Other groups are trying to engage the public in this way, giving options of how Britain might look in the future. One such attempt is that by the Centre for Alternative Technology with its Zero Carbon Britain 2030. Its picture is of a British landscape very different from that which we have now. Now is the time for the Government to give their vision and engage with the public in a debate about what Britain could look like. A 2050 energy pathways calculator may help some to understand the scale of the challenge of decarbonisation, but, frankly, the department needs to do much more, using language and images that the people of our country understand and can relate to.

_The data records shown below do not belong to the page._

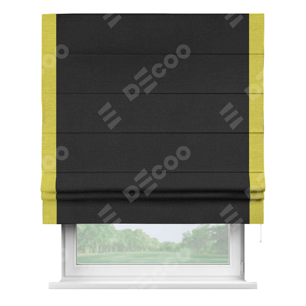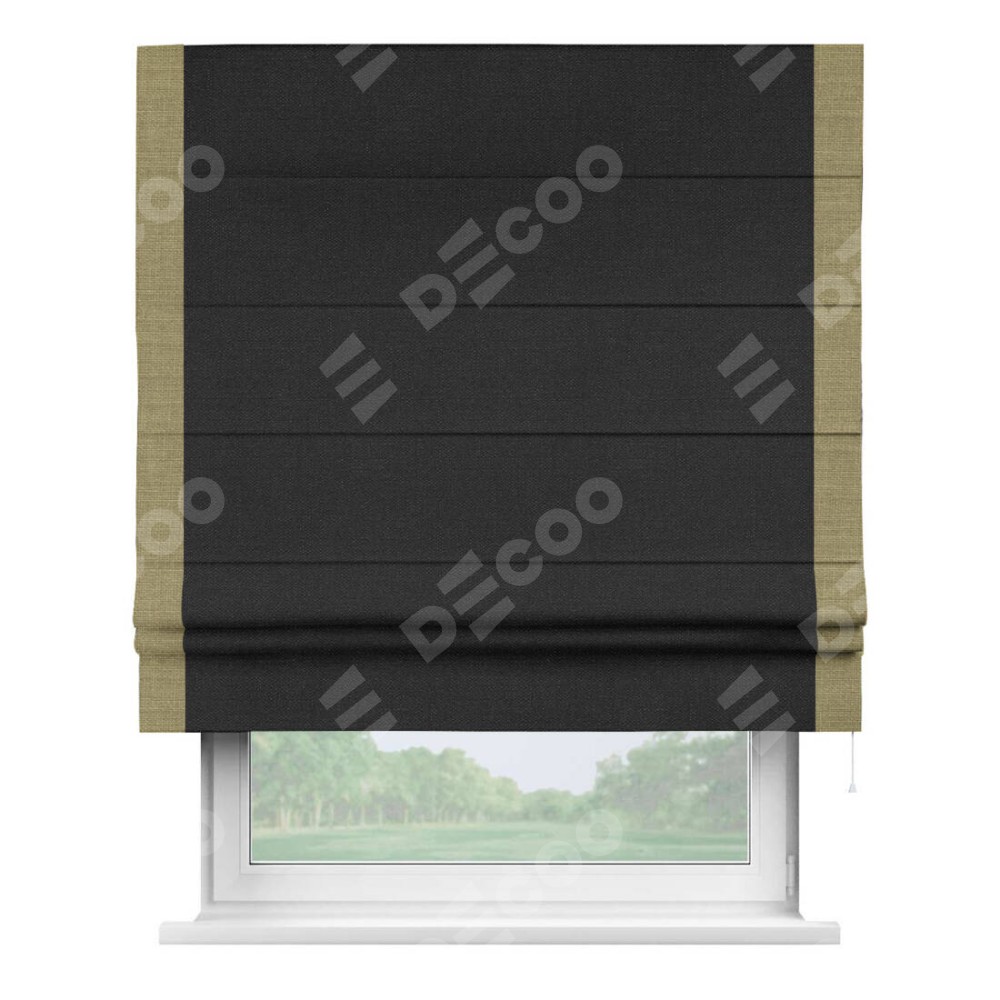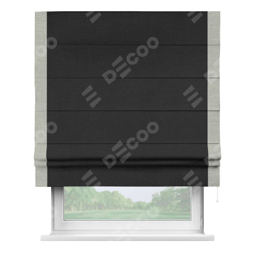 Римская штора производителя «Cortin», используется для проёма, пошита из ткани лён черный, артикул 85927. Отделка шторы кантом Стрим Дуо», ткань для канта используется из льна разной расцветки на выбор. Имеет универсальный механизм и подходит для монтажа: на потолок, на стену и в нишу.
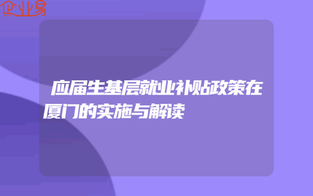 - 应届生基层就业补贴政策在厦门的实施与解读
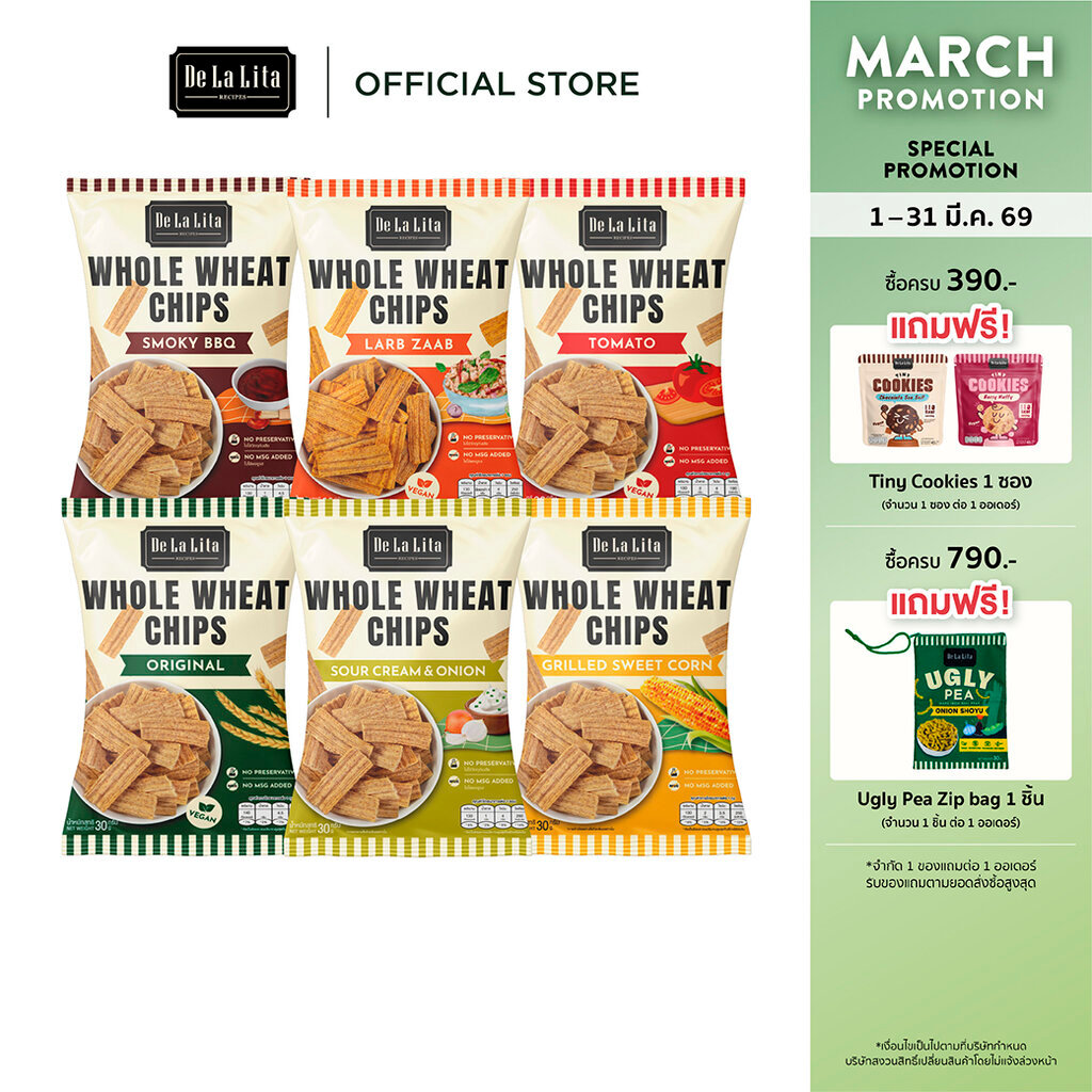 [1 ซอง] WHOLE WHEAT CHIPS 30 กรัม ขนมอบกรอบอร่อย แคลต่ำ ทำจากโฮลวีต De La Lita เดอลาลิต้า โฮลวีตชิปส์ ขนมคลีน
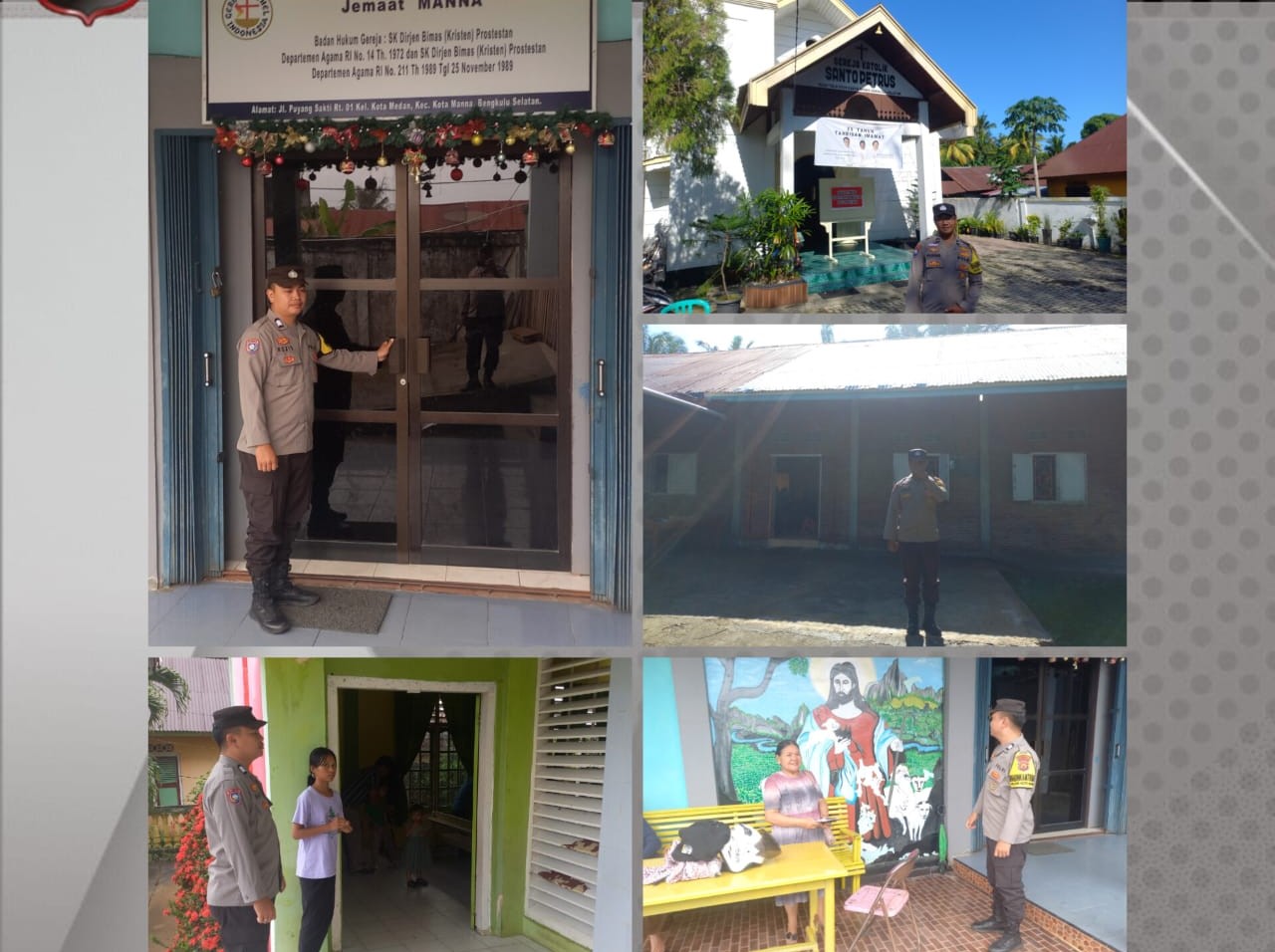 “Dalam kegiatan pengamanan ibadah Minggu di Gereja GKSBS Melao Kecamatan Kota Manna Bengkulu Selatan, pihaknya Melakukan pengamatan lokasi dan lingkungan beribadah, Melakukan sterilisasi lokasi serta Melakukan pantauan terhadap jemaat yang melaksanakan ibadah,” pungkas Kasi Humas Akp Sarmadi
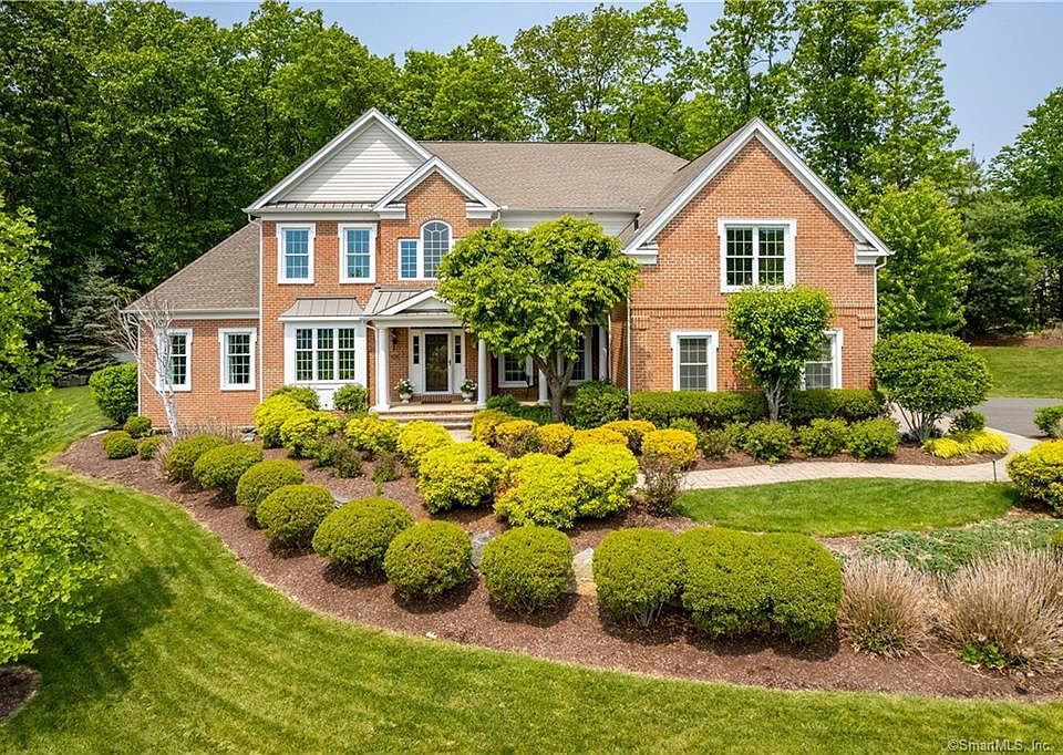 Located in one of Avon, CT’s most desirable neighborhoods, this HOBI award winning home was built with extra attention to detail and style! With incredible street presence, the home is perched on the western ridgeline of town and offers modern living with timeless design. Guests are welcomed by a paver walkway, covered porch, and grand two-story foyer. The heart of the home is the expansive eat-in kitchen that is open to the two-story family room with fireplace. A handsome study features built-in bookshelves and cabinetry. Details throughout the house can be found in extensive crown molding and wainscotting, inlaid wood flooring, and other stylish accents. The primary bedroom suite is a dream, complete with sitting room and extraordinary en suite bath with dual walk-in closets. The four bedrooms of the upper level connect by a hallway bridge marked by wrought iron balusters with views of the foyer and family room. A 3rd level of above grade living space houses an office and bonus room. The finished lower level includes a large den area with custom built-ins, full wet bar, wine room, full bath, and 5th bedroom with secondary egress for safety. The outdoor space is lush and features a patio area with built-in grill and outdoor gas fireplace. Located 30 minutes from Downtown Hartford and just 2 hours to both NYC and Boston, Avon is ranked as one of the best places to live in CT. See the fully interactive 3D virtual tour or schedule your in-person showing today!
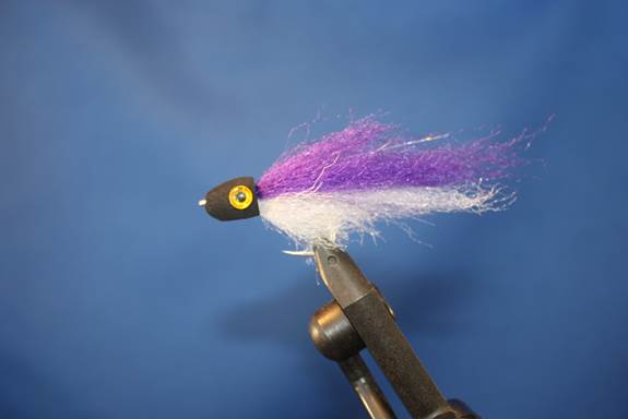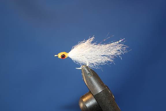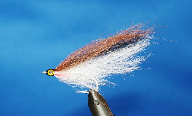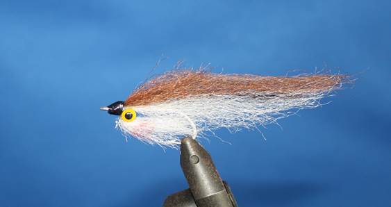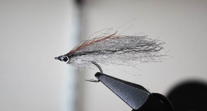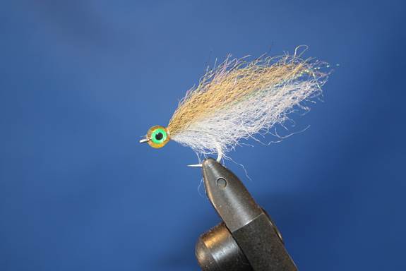 - Wing/Body: White EP Fibers with six strands of Silver Flash-A-Bou on top, followed by a thin bunch of Black EP Fibers, topped with Brown EP 3D Fibers.

Secondly, by creating the right planning framework for land use decisions, people can be appropriately engaged while investors are given the certainty that they need to bring forward the right proposals in the right locations. The Government have made a welcome first step, as the noble Lord, Lord Grantchester, said, in abolishing the previous Government’s Infrastructure Planning Commission, but we now need certainty—and soon—about a reformed planning system. I hope that the Minister will work closely with his colleagues to ensure that the decentralisation and localism Bill gives local communities the ability to shape the places in which they live and work, respecting the value of the country’s best landscapes and natural and historic environments while delivering a renewable energy revolution.
As part of that, continuing support is vital for innovative ways of engaging people in the planning process and for renewable technology capacity assessments at geographic levels to which the public can relate. Good examples of these are PlanLoCal, a programme of the Centre for Sustainable Energy, currently financed by the Department for Communities and Local Government, to encourage greater public access and participation in the planning process. Another example is Herefordshire’s 2026 renewables capacity study. These examples give people a real sense of the physical impact on their communities and landscapes early in the planning process and help them to accept necessary change.
The scientific case is clear for ensuring that our energy policy responds to the challenge of climate change. The Government have shown their commitment to dispensing their international responsibilities and unlocking the infrastructure to deliver low-carbon energy. The time is now to engage the public in delivering the necessary energy changes to ensure that global warming does not change our country for the worse.
My Lords, I should declare an interest in that I was employed by the Central Electricity Generating Board for 19 years in a power station and I enjoy, if I may put it that way, a very small pension administered by British Energy.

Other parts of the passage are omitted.